#### Exercise brief
Write out all the data verbatim. Skip images.

#### Information provided
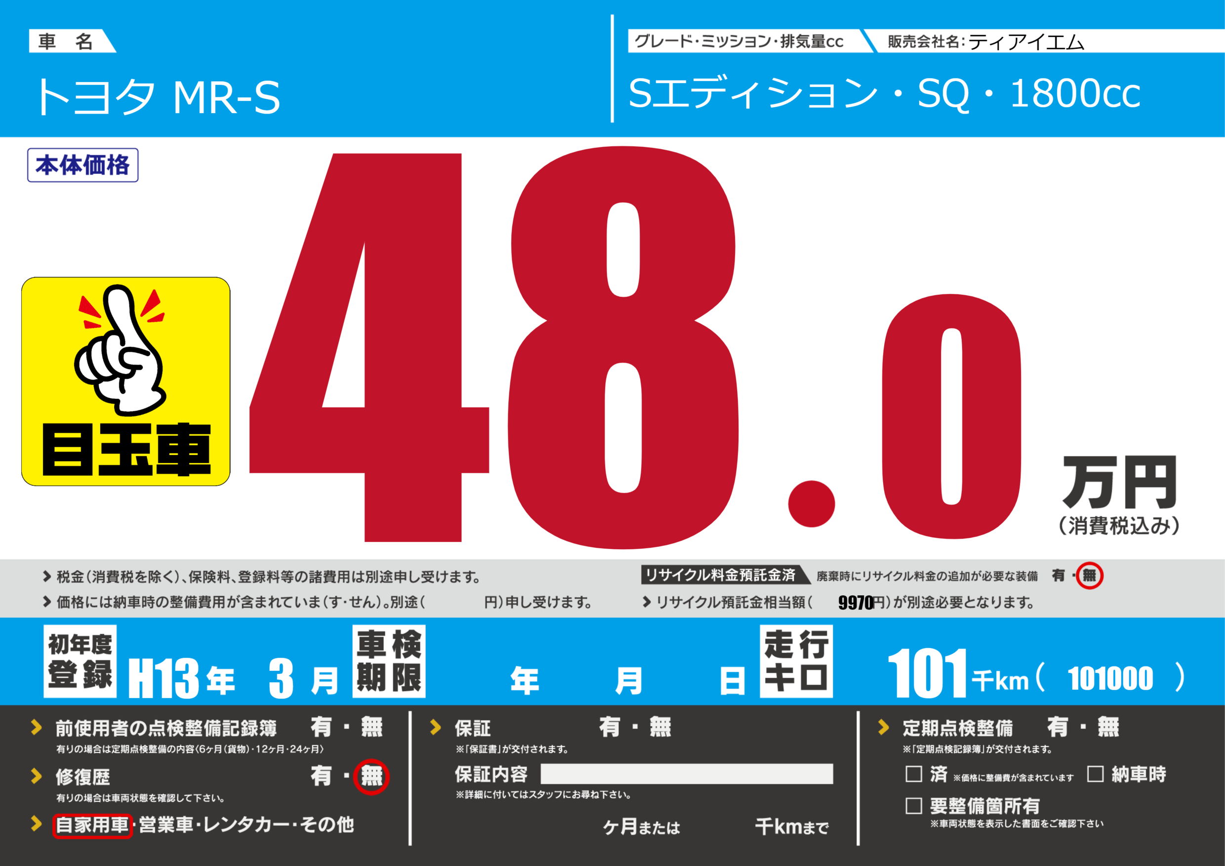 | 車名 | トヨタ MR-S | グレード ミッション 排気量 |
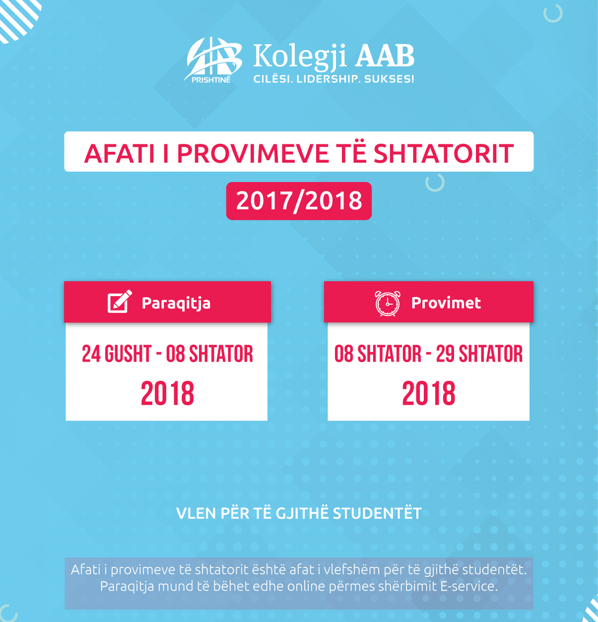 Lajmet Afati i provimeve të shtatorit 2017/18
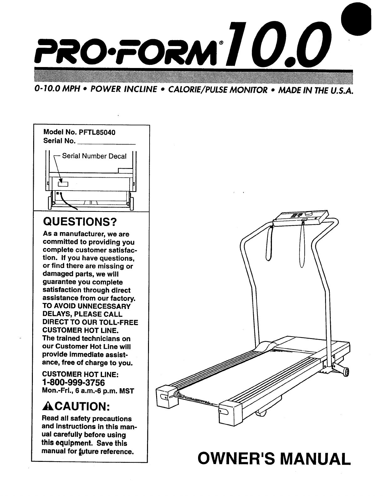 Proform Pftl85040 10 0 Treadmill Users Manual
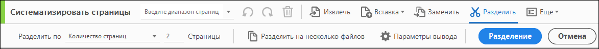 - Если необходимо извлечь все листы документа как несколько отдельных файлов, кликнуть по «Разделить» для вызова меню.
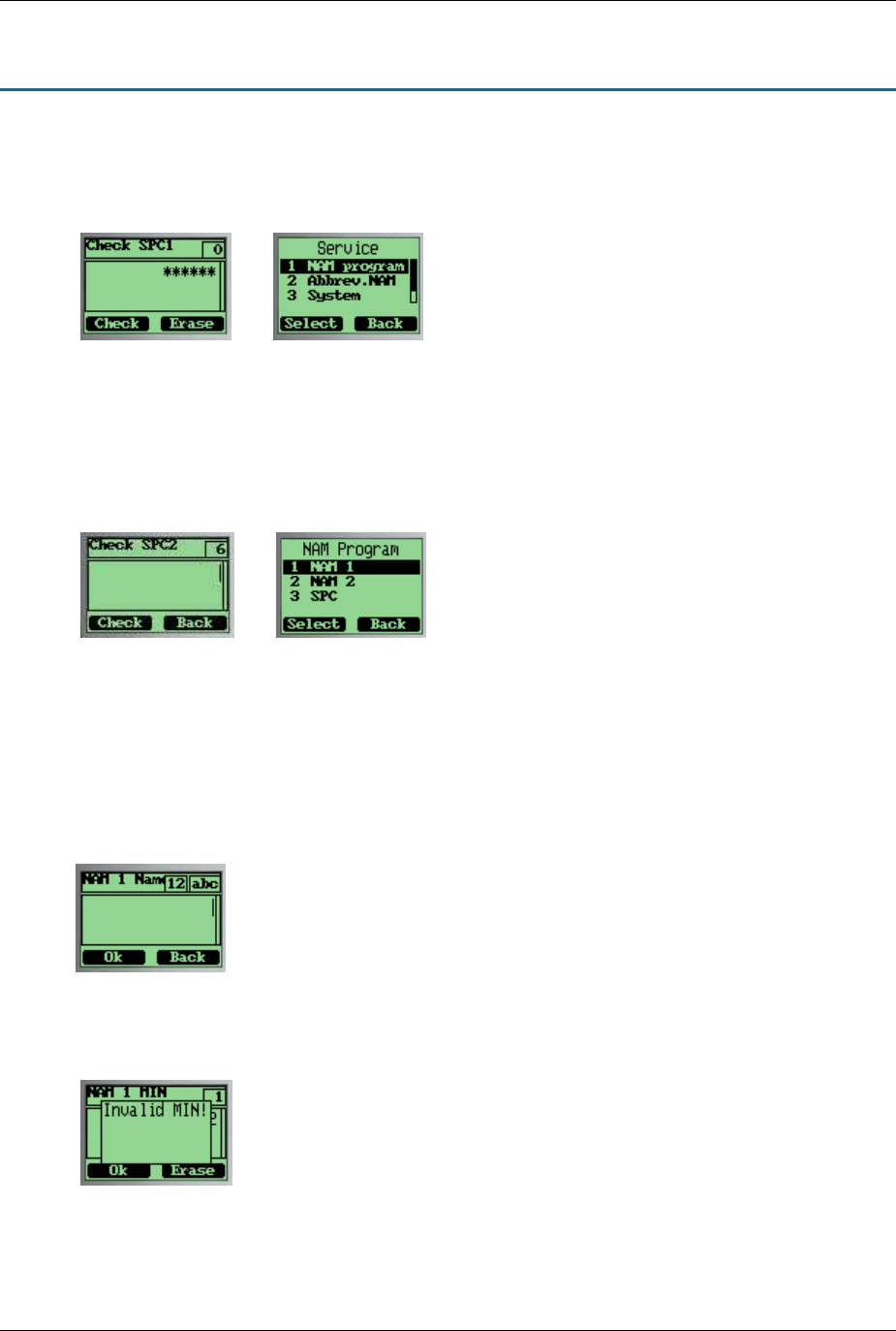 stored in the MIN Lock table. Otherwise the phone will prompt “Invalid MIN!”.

#### Answer below
 | 車名 | トヨタ MR-S | グレード ミッション 排気量 |
 Lajmet Afati i provimeve të shtatorit 2017/18
 Proform Pftl85040 10 0 Treadmill Users Manual
 - Если необходимо извлечь все листы документа как несколько отдельных файлов, кликнуть по «Разделить» для вызова меню.
 stored in the MIN Lock table. Otherwise the phone will prompt “Invalid MIN!”.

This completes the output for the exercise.